La desolada mujer obedeció. Se la veía tan amarga pero a la vez tan dulce... La inteligente Twain jamás habría imaginado que aquella chica tuviese una hija, la veía demasiado joven. Camino a casa pudo conocerla mejor. Su nombre era Awhina, y a pesar de aquella tosca madurez que presentaba, apenas sobrepasaba los treinta años de edad, aunque lucía mucho más joven. Vivía en la calle con su hija, Mere, una chica de catorce años a la que Awhina no dejaba de referirse como una luz y un tesoro, las mismas referencias que Lana utilizaba al hablar de sus hijos. Daba verdadera lástima ver a una madre en aquel estado, pero más lástima daría aquella noche Lana Twain. Tras un viaje en el que Lana supo que Awhina vivía sola con su hija en condiciones deplorables, sin apenas comer y sin un hogar fijo, el holden se detuvo frente a la casa de los Twain o lo que quedaba de ella, ya que una horda de llamas estaba devorando la vivienda donde Lana y sus hijos vivían. 
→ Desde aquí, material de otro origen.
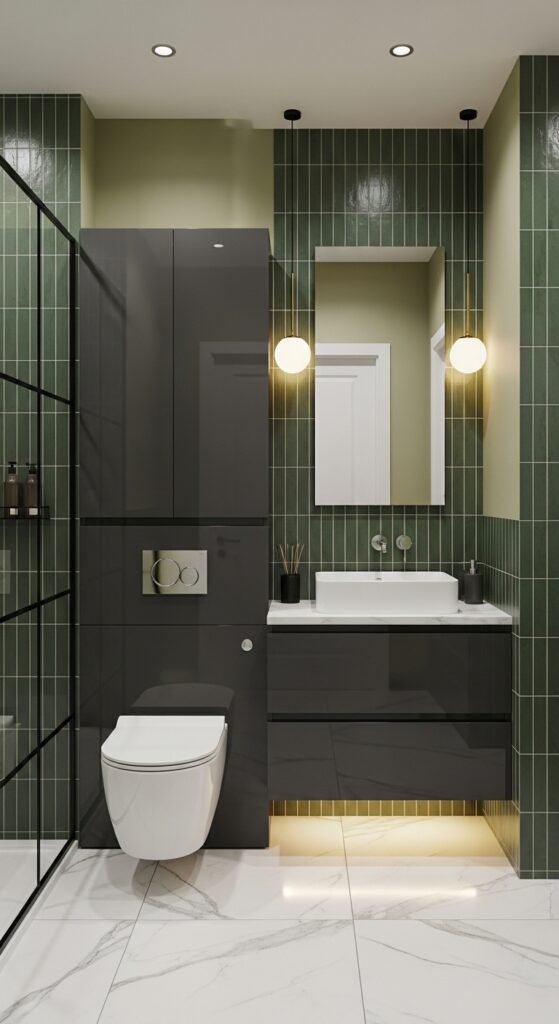 You can introduce this color through a painted vanity unit, emerald green subway tiles in the shower niche, or even just luxurious velvet styling touches if you are renting. The contrast between the industrial, “gritty” grey and the opulent, smooth green is striking. Gold or brass hardware is the perfect third element here; it warms up the grey and complements the regal nature of the emerald green perfectly.

Desesperada, salió corriendo del coche gritando el nombre de los suyos, pero las respuestas no llegaban. No dudó entonces en internarse en la casa infernal para buscar a sus hijos. En aquel momento no existía Awhina ni su pobreza, ni tampoco la caótica situación del planeta. En aquel momento solo existían ella y sus pequeños, que podían estar muertos. Todo a su alrededor se convertía con rapidez en pasto de las llamas, pues la casa estaba en su mayoría hecha de madera. El calor parecía palpable, espeso, como si intentase dificultar el paso a la angustiada madre que llamaba sin cesar a sus hijos. El humo negro y asfixiante se condensaba por momentos y a cada segundo que pasaba, Lana respiraba peor. Una enorme viga cayó del techo cuando Lana se disponía a subir las escaleras. Ahora solo podía toser sin parar y la visibilidad había disminuido bastante. Pensó en dar la vuelta, pero seguía tosiendo cuando tropezó con algo y cayó al suelo. Fuera, los gritos de Awhina y el incendio voraz alertaron a las gentes, que se habían congregado en torno al devastado hogar de los Twain. El fuego avanzaba impasible sin que nadie intentase entrar para salvar a Lana o sus hijos. Mientras tanto, en el interior, la castaña apenas respiraba. El humo había invadido sus vías respiratorias y el miedo se había apoderado de su alma y corazón. Seguía en el suelo, incapaz de levantarse. Una cristalina lágrima rodó por su mejilla hasta caer al suelo donde se evaporó con rapidez. El fuego se aproximaba a ella rápidamente, ansioso de degustar su carne y sus huesos, pero una silueta oscura y ancha apareció de entre las llamas como lo habría hecho el ave fénix. Aquello fue lo último que Lana vio antes de sumirse en la inconsciencia.